Data under study ->
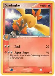 Combusken (Japanese: ワカシャモ Wakasyamo) is a Fire-type Stage 1 Pokémon card. It is part of the EX Holon Phantoms expansion.
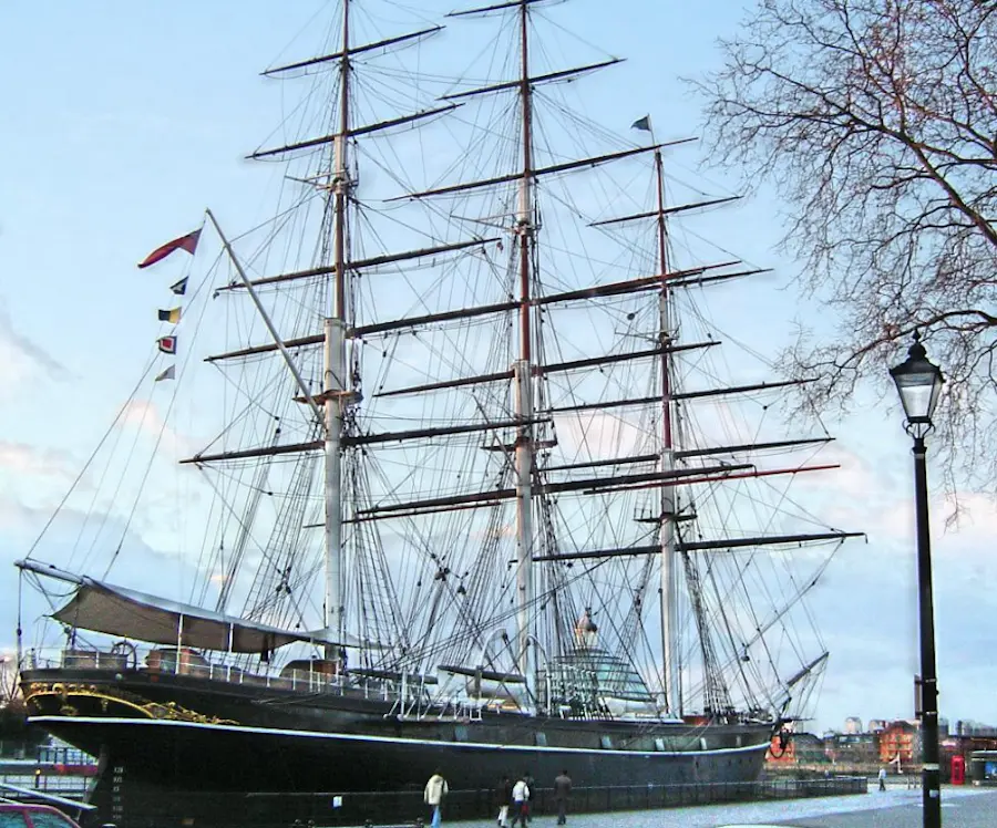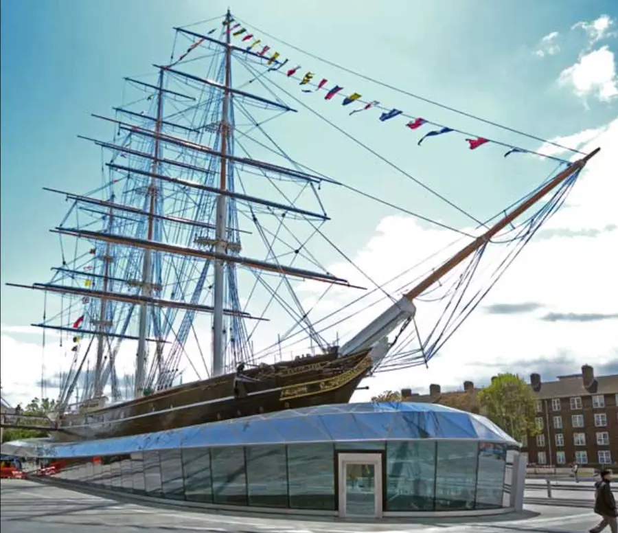 The Cutty Sark recently completed a multi million Pound restoration, after having been almost destroyed by fire in 2007. The original iron frames were no longer strong enough to support the weight of the ship and much internal bracing had to be done. The grey steel parts between the white original frames are the bracing added to the hull during the restoration after the fire. The ship is now suspended above the dry dock, with exhibit space below the hull. Here are some other photos.Scifan.. - I've visited the Cutty Sark a couple of times and was just looking at some photos on the web - the first one below is from 2005 and the second recently where the ship seems to be sitting on a glass building - I'm assuming that is a museum which was built since my visits (which where in the last century -) - Dave
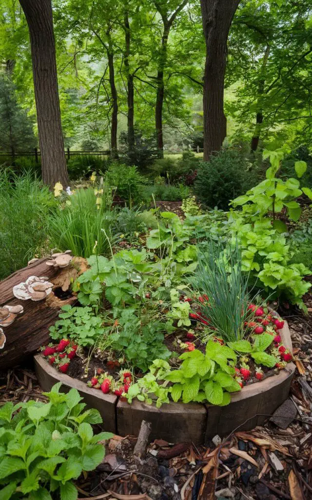 Add woodland edibles like wild strawberries, ramps, or mushrooms.
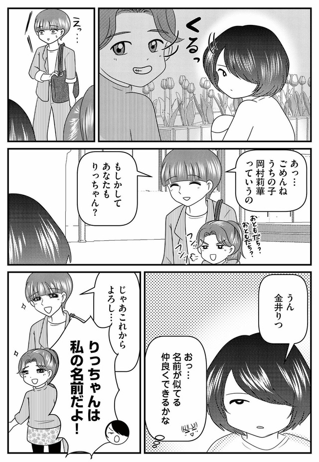 ある日、入学説明会でひとりで参加していた父子家庭の同級生・りつが気になり、親切心からその子に手を差し伸べる。
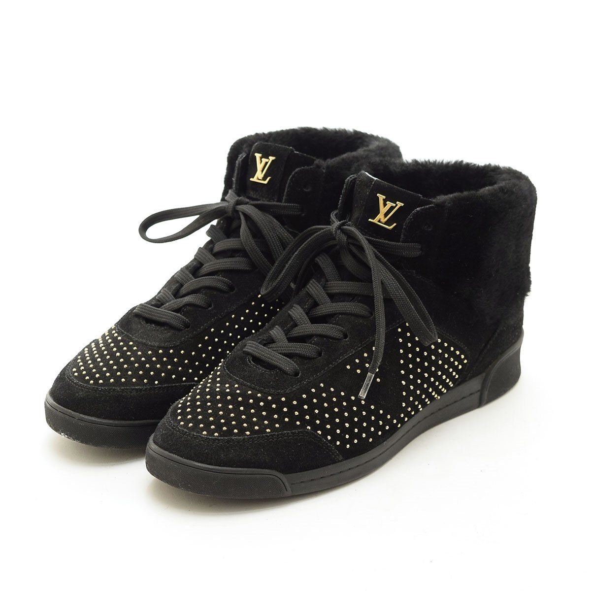 > □529671 LOUIS VUITTON ルイヴィトン ハイカットスニーカー スタッズ スウェード ボアムートン サイズ36 23.0cm相応 レディース ブラック
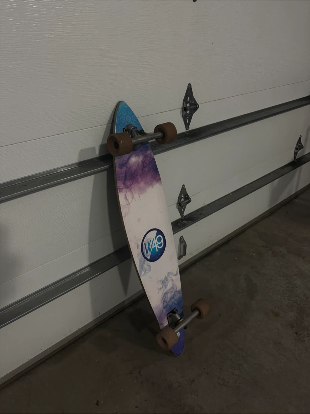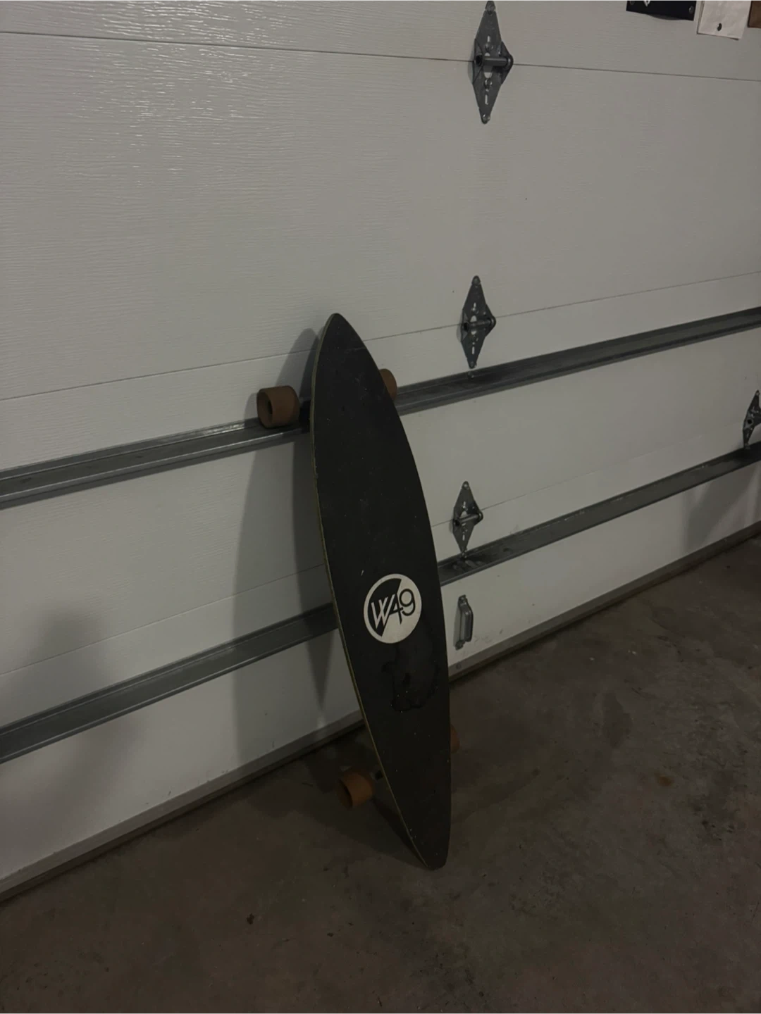 Selling a used W49 longboard skateboard. It's got a cool design on the bottom and is ready for some cruising around town. Super smooth ride- no problems- just a bit worn. Perfect for beginners or experienced riders looking for a fun board!
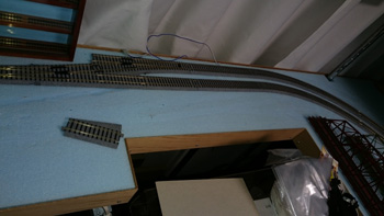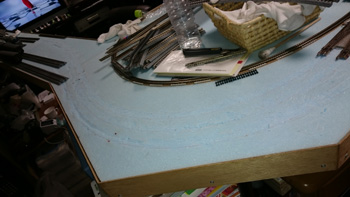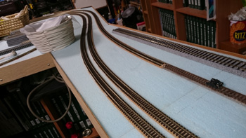 カーブはフレキシブルレールでリアルなカーブにしたい気持ちはありますが、HOは緩和曲線がなくても大きいせいでリアルに見えることがわかっていますので、ここは割り切って既存の道床レールを使うつもりです。 |
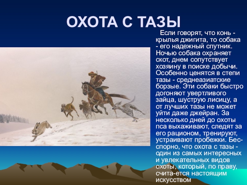 то собака - его надежный спутник. Ночью собака охраняет скот, днем сопутствует хозяину в поиске добычи. Особенно ценятся в степи тазы - среднеазиатские борзые. Эти собаки быстро догоняют увертливого зайца, шуструю лисицу, а от лучших тазы не может уйти даже джейран. За несколько дней до охоты пса выхаживают, следят за его рационом, тренируют, устраивают пробежки. Бес-спорно, что охота с тазы - один из самых интересных и увлекательных видов охоты, который, по праву, счита-ется настоящим искусством
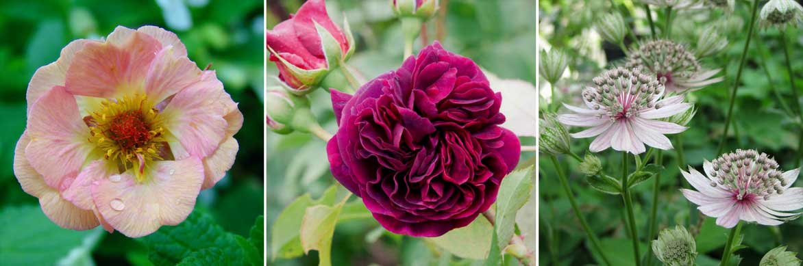 Vous pouvez planter les benoites au pied des rosiers, en compagnie d’autres floraisons délicates, comme les astrances ! Geum ‘Mai Tai’, Rosa ‘Munstead Wood’ et Astrantia major ‘Rosea’

Your instructions ->
Each entry is to be output exactly, and no picture is to appear.

Exercise output ->
 Combusken (Japanese: ワカシャモ Wakasyamo) is a Fire-type Stage 1 Pokémon card. It is part of the EX Holon Phantoms expansion.
 The Cutty Sark recently completed a multi million Pound restoration, after having been almost destroyed by fire in 2007. The original iron frames were no longer strong enough to support the weight of the ship and much internal bracing had to be done. The grey steel parts between the white original frames are the bracing added to the hull during the restoration after the fire. The ship is now suspended above the dry dock, with exhibit space below the hull. Here are some other photos.Scifan.. - I've visited the Cutty Sark a couple of times and was just looking at some photos on the web - the first one below is from 2005 and the second recently where the ship seems to be sitting on a glass building - I'm assuming that is a museum which was built since my visits (which where in the last century -) - Dave
 Add woodland edibles like wild strawberries, ramps, or mushrooms.
 ある日、入学説明会でひとりで参加していた父子家庭の同級生・りつが気になり、親切心からその子に手を差し伸べる。
 > □529671 LOUIS VUITTON ルイヴィトン ハイカットスニーカー スタッズ スウェード ボアムートン サイズ36 23.0cm相応 レディース ブラック
 Selling a used W49 longboard skateboard. It's got a cool design on the bottom and is ready for some cruising around town. Super smooth ride- no problems- just a bit worn. Perfect for beginners or experienced riders looking for a fun board!
 カーブはフレキシブルレールでリアルなカーブにしたい気持ちはありますが、HOは緩和曲線がなくても大きいせいでリアルに見えることがわかっていますので、ここは割り切って既存の道床レールを使うつもりです。 |
 то собака - его надежный спутник. Ночью собака охраняет скот, днем сопутствует хозяину в поиске добычи. Особенно ценятся в степи тазы - среднеазиатские борзые. Эти собаки быстро догоняют увертливого зайца, шуструю лисицу, а от лучших тазы не может уйти даже джейран. За несколько дней до охоты пса выхаживают, следят за его рационом, тренируют, устраивают пробежки. Бес-спорно, что охота с тазы - один из самых интересных и увлекательных видов охоты, который, по праву, счита-ется настоящим искусством
 Vous pouvez planter les benoites au pied des rosiers, en compagnie d’autres floraisons délicates, comme les astrances ! Geum ‘Mai Tai’, Rosa ‘Munstead Wood’ et Astrantia major ‘Rosea’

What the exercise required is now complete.